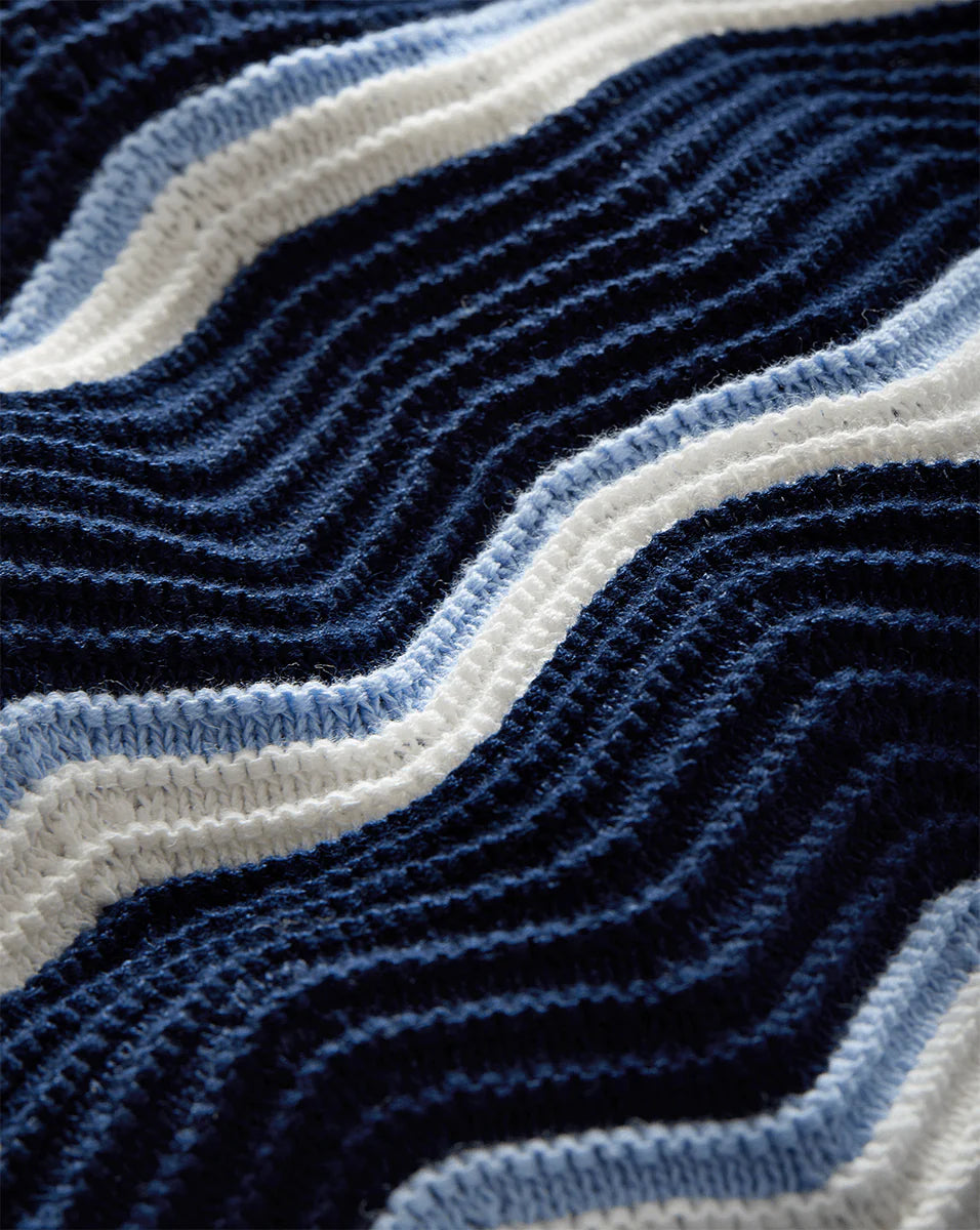 The classic shift dress, in a striking contrast chevron knit for spring. Crafted from a thick yet breathable stretch-cotton blend, the Templeton knitted dress in blue is cut for a close fit that hugs and flatters the body. Scalloped trimming along the hems and neckline completes the look. Effortless yet elevated, it seamlessly transitions from day to night—just swap your flats for heels to turn it up a notch.
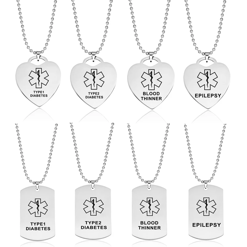 Медицинское ожерелье с оповещением, военная бирка из нержавеющей стали для диабетиков, подвеска для диабета, аварийная бижутерия для мужчин
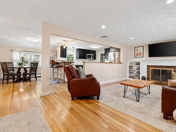 Nestled on an expansive lot at the end of a quiet cul-de-sac, this inviting home offers stylish, convenient living with its beautifully renovated interior & location just minutes to I-95 & some of the best the town has to offer, including Lake Quannapowitt, the Commons, shops, dining & more. The thoughtful 2019 renovations opened the living, dining & kitchen areas, creating bright, welcoming spaces with hardwood floors throughout that add a note of character & charm. Enjoy a cozy LR with built-in shelves & fireplace; a well-designed kitchen outfitted with quartz counters, custom cabs & stainless steel appliances. Dine at the breakfast bar or in the dining area with built-in cabinet & closet. Also offers 2 bedrooms, an updated full bath & 3-season sunroom. Lower level boasts large family room with wet-bar – ideal for entertaining, plus laundry, utilities & ample storage. Step outside to your amazing 14K+ sq ft yard with newer privacy fence, built-in shed & patio w/awning to shade you.
━━━━
-- Instructions to follow --
Produce an exact copy of the lines from the line containing "Медицинское ожерелье с" to the end of the material, both ends included, and omit every picture.

-- Your solution --
 Медицинское ожерелье с оповещением, военная бирка из нержавеющей стали для диабетиков, подвеска для диабета, аварийная бижутерия для мужчин
 Nestled on an expansive lot at the end of a quiet cul-de-sac, this inviting home offers stylish, convenient living with its beautifully renovated interior & location just minutes to I-95 & some of the best the town has to offer, including Lake Quannapowitt, the Commons, shops, dining & more. The thoughtful 2019 renovations opened the living, dining & kitchen areas, creating bright, welcoming spaces with hardwood floors throughout that add a note of character & charm. Enjoy a cozy LR with built-in shelves & fireplace; a well-designed kitchen outfitted with quartz counters, custom cabs & stainless steel appliances. Dine at the breakfast bar or in the dining area with built-in cabinet & closet. Also offers 2 bedrooms, an updated full bath & 3-season sunroom. Lower level boasts large family room with wet-bar – ideal for entertaining, plus laundry, utilities & ample storage. Step outside to your amazing 14K+ sq ft yard with newer privacy fence, built-in shed & patio w/awning to shade you.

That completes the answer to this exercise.